At the Mountains of Madness 译者:竹子

V.

    当我们完全越过那条山隘,看清楚背后究竟有什么东西时,我想我们两个都夹带着畏怯、惊愕甚至是恐惧的情绪同时尖叫了出来,甚至不敢相信自己的眼睛。自然,在那一刻,我们肯定根据自己已有的知识对那个我们所看到的怪诞世界做出了一些自然而寻常的猜测。可能,我们觉得自己看到的那些东西就像是科罗拉多州诸神花园[1]里那些被风化的怪诞红岩;或者像是亚利桑那州沙漠里那些被风琢刻出的、奇妙而对称的巨石。甚至我们仿佛觉得自己只不过看到了一场幻影,就像我们刚飞抵这片疯狂山脉时看到的蜃景一样。事情必当如此!因为当我们的视线扫过那片被风暴刻蚀的无垠高原,并最后牢牢固定在那座由极具几何感的规则巨石阵列所组成的无垠迷宫时,我们必须要为自己找到某些正常、自然的概念可以用来仰赖与退守。然而,我们看到的还只是这座迷宫那耸立着的、破碎坑洼的顶端,它的整体被埋藏在一片巨大的冰盖下——冰层最厚的地方大约有四十或五十英尺厚,而在某些地方则明显要薄得多。
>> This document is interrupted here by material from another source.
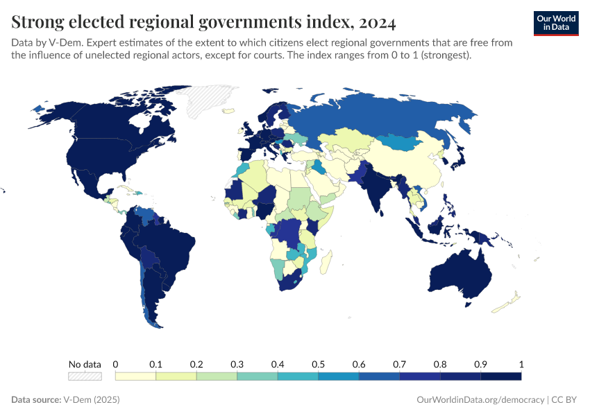 “Data Page: Elected regional governments”, part of the following publication: Bastian Herre, Lucas Rodés-Guirao, and Esteban Ortiz-Ospina (2013) - “Democracy”. Data adapted from V-Dem. Retrieved from https://auto-epoch.owid.pages.dev:8789/20250925-233948/grapher/strong-elected-regional-governments-index.html [online resource] (archived on September 25, 2025).How to cite this data

    这幅令人惊骇的景象带来的影响几乎无法用言语来形容,因为这从根基上残酷无情地破坏了我们所熟知的自然法则。这片极其古老的高原足足有两万英尺之高,而这里的气候至少在五十万年之前就已完全不适于居住;可在这里却伸展着一座由整齐巨石所组成的复杂迷宫,几乎一直绵延到视线的尽头——恐怕只有那些绝望地想要保护住内心平和的人才会去否认这幅景象不是因为某些东西有意识地建造后产生的结果。在此之前,每当我们进行严谨地讨论时,我们都抛弃了那些认为山体上出现的规则立方体与壁垒状构造并非源于自然作用的理论。否则还能如何呢?当这片地区屈从于而今这片冰封的死亡那未曾间断过的长久统治时,人类本身几乎还未从大型类人猿的族群里分化出来。

    然而,这一理由似乎无可辩驳地被动摇了,因为这座由四方石块、带弧面的巨岩以及有棱角独石所组成的雄伟迷宫所表现出的容貌已残忍地斩断了所有让人安心的庇护与退路。很明显,那座出现在蜃景中的亵渎之城只是眼前这片完整、客观实在而又避无可避的真实情景的一个翻版。原来那个令人憎恶的预兆最终还有着一个实实在在的源头——当我们第一看到这片巍峨的山脉时,天空中的高层大气里一定有一层横向的冰晶云;而这令人惊骇的巨石遗迹依靠简单的反射定律将它的形象投射到了山脉的另一边,投射到了我们的面前。当然,蜃景中的幻象被冰晶云奇异地扭曲与夸张了,杂糅进了它的真实源头中不曾包含的东西;然而,当我们看到眼前这真实的源头时,我们觉得它甚至比那个遥远的幻景更加充满了险恶的味道,更加令人毛骨悚然。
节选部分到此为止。